An Analysis of the Board of Deputies' 1991 and 1992 secret "Intelligence Reports" smearing David Irving
Retrieved only in 1994 by determined legal action from the secret files of the Canadian Federal Department of Citizenship and Immigration, David Irving was provided by his Canadian associates with copies of two mysterious reports on him. They appeared to have been generated in 1991 and 1992 by the Board of Deputies of British Jews*. Only in 1996 was it established beyond doubt that the secret author was indeed the Board of Deputies. During a High Court action initiated by Mr Irving because of their defamatory content, the Board admitted authorship. The documents were designed for one purpose: to get governments worldwide to ban his entry, by smearing him as a Nazi with international connections.
[In November 1996 Michael Whine, executive director of the Board, confirmed in a High Court affidavit that the Board had been monitoring Mr Irving's activities for many years and had sent this file to the Canadian League of Human Rights of the B'nai Brith to provide ammunition in their fight to suppress his forthcoming visit to Canada.]
[Based on Action Report]
Discussion of "Confidential: David Irving Biographical Information" ... several lengthy smear Reports, compiled in 1991 and 1992, and supplied anonymously by Michael Whine of the London Board of Deputies of British Jews to Canadian Jews to plant in Ottawa files, June 1992. [See Whine's affidavit confessing to this, 1996]
THE REPORTS were compiled by a non-governmental British agency and cover most of Mr David Irving's life; one, of thirty-two pages, carries the story to January 1991, a second of six pages continues to April 1992. An unnumbered confidential one-page report of Jun.17, 1992, titled 'David Irving -- Bans' and headed DOR (Director of Research?) has the first two paragraphs blanked out; the original document was attached to clippings about the first ban imposed on Mr Irving entering South Africa in June 1992. Internal evidence indicates that this page and the two reports were furnished clandestinely by the Board of Deputies of British Jews; the 1992 report quotes data supplied by Gerald Fleming, a known informant of Mike Whine, director of the Board.
The Board used considerable resources in compiling the two reports including inquiries at Mr Irving's school and university to establish his scholastic and academic record. In addition to running press clipping checks on him, from about 1985 onward the Board also commissioned verbatim transcripts of his appearances on radio and television in Britain including Northern Ireland and around the world. They even obtained raw, unedited television newsreel footage of ITN and Thames Television news broadcasts covering his public appearances.
The Board was aware whenever Mr Irving submitted items to newspaper diaries or letters pages, even when they published nothing.
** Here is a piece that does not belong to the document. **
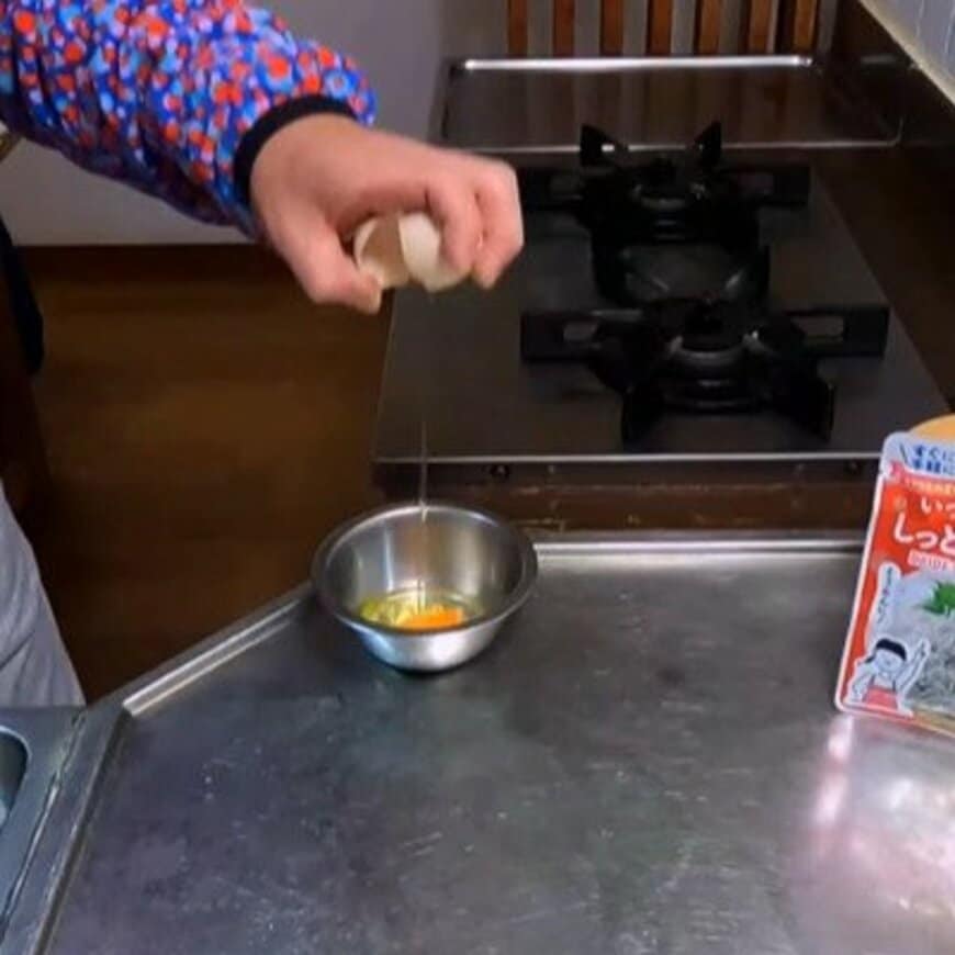 片手で卵を割る仕草からも料理上手な雰囲気が伝わってきます。慣れた様子で綺麗な卵焼きが完成しました。

They also evidently determined by extensive inquiries that no copies of the Leuchter Report were sent to "every senior school in Britain".
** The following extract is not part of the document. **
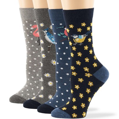 Women Cotton Calf Patterned Socks - 4 Pack - Coffee, Puppy, Flowers, Birds, Cat - Shoe Size 5-9 M, 8-12 L - Multicolors | 7BIGSTARS KINGDOM

Where the Board is not stating its main case against Mr Irving, the reports are broadly accurate, though marred by errors of which a few taken at random are:
The Board's statement (p.189) that Waterstones bookstore chain throughout the British Isles "refused to sell" Hitler's War is grossly wrong; the Focal Point edition alone was sold by ninety-seven different branches of the Waterstones store and is continually being re-ordered.
Some of the mis-statements about others are also grotesquely wrong: e.g., the suggestion that following the 1967 publication of Mr Irving's book Accident: The Death of General Sikorski, "the publishers, William Kimble [sic. William Kimber Ltd] were put on trial and forbidden to continue printing the book."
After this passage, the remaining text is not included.